### Listed records
****************************************

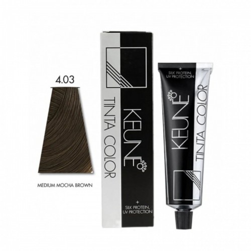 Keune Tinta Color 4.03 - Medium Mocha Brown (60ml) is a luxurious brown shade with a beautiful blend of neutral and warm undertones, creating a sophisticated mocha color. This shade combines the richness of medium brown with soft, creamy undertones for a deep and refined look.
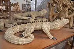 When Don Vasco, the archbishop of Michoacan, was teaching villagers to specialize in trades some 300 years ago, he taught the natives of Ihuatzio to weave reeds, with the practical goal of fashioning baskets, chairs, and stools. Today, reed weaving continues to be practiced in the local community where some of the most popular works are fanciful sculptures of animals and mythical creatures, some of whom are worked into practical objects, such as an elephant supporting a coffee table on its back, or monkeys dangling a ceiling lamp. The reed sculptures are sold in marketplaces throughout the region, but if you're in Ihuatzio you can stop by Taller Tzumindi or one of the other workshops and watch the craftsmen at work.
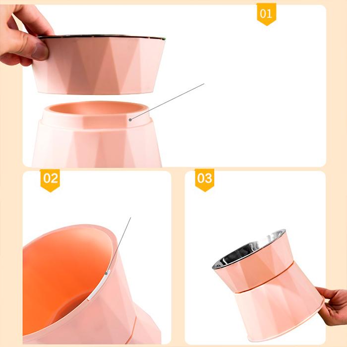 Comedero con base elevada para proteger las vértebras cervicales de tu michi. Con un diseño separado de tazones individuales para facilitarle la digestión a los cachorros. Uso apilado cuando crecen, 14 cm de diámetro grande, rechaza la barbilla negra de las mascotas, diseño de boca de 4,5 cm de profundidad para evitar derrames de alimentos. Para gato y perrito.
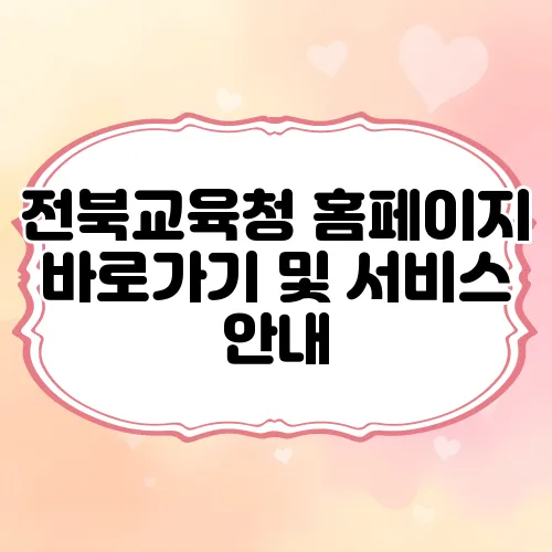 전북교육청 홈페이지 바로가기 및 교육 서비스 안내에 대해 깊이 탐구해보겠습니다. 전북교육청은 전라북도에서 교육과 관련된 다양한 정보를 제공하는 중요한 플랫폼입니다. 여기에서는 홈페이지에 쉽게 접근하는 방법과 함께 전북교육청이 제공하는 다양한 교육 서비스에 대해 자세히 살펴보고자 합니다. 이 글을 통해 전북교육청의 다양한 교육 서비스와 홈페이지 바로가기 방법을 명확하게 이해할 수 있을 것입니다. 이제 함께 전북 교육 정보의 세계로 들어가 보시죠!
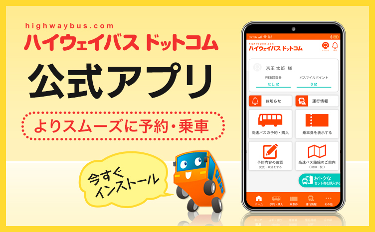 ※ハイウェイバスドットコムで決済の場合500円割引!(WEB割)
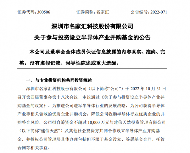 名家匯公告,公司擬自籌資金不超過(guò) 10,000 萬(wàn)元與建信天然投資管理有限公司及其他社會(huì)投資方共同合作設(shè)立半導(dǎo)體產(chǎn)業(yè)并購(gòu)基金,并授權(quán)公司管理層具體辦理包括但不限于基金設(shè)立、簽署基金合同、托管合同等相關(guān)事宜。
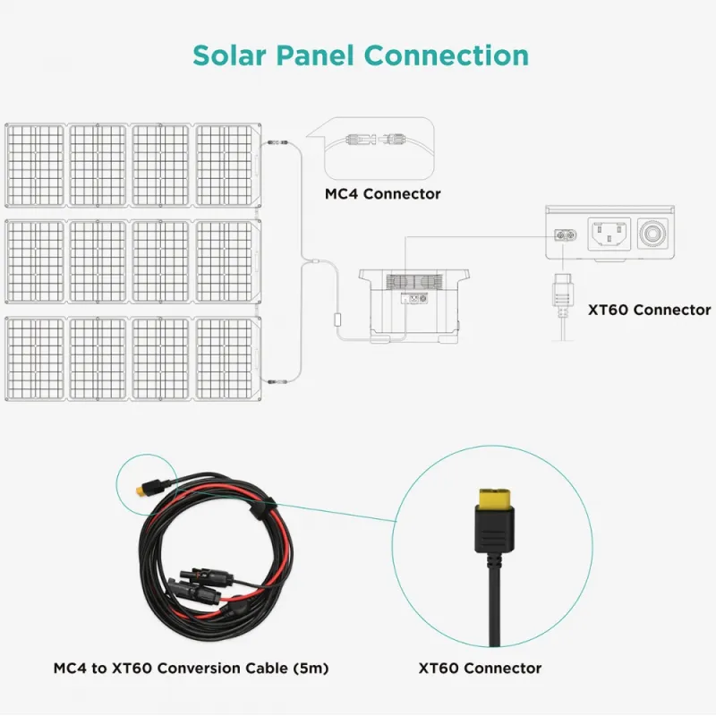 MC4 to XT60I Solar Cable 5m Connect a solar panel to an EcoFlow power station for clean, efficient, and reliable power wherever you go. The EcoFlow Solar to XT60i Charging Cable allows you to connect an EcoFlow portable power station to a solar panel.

****************************************

### Activity
Starting at the line that contains "전북교육청 홈페이지 바로가기" and ending at the final line of the data, reproduce each line exactly. Pictures stay out of the copy.

### Solution
 전북교육청 홈페이지 바로가기 및 교육 서비스 안내에 대해 깊이 탐구해보겠습니다. 전북교육청은 전라북도에서 교육과 관련된 다양한 정보를 제공하는 중요한 플랫폼입니다. 여기에서는 홈페이지에 쉽게 접근하는 방법과 함께 전북교육청이 제공하는 다양한 교육 서비스에 대해 자세히 살펴보고자 합니다. 이 글을 통해 전북교육청의 다양한 교육 서비스와 홈페이지 바로가기 방법을 명확하게 이해할 수 있을 것입니다. 이제 함께 전북 교육 정보의 세계로 들어가 보시죠!
 ※ハイウェイバスドットコムで決済の場合500円割引!(WEB割)
 名家匯公告,公司擬自籌資金不超過(guò) 10,000 萬(wàn)元與建信天然投資管理有限公司及其他社會(huì)投資方共同合作設(shè)立半導(dǎo)體產(chǎn)業(yè)并購(gòu)基金,并授權(quán)公司管理層具體辦理包括但不限于基金設(shè)立、簽署基金合同、托管合同等相關(guān)事宜。
 MC4 to XT60I Solar Cable 5m Connect a solar panel to an EcoFlow power station for clean, efficient, and reliable power wherever you go. The EcoFlow Solar to XT60i Charging Cable allows you to connect an EcoFlow portable power station to a solar panel.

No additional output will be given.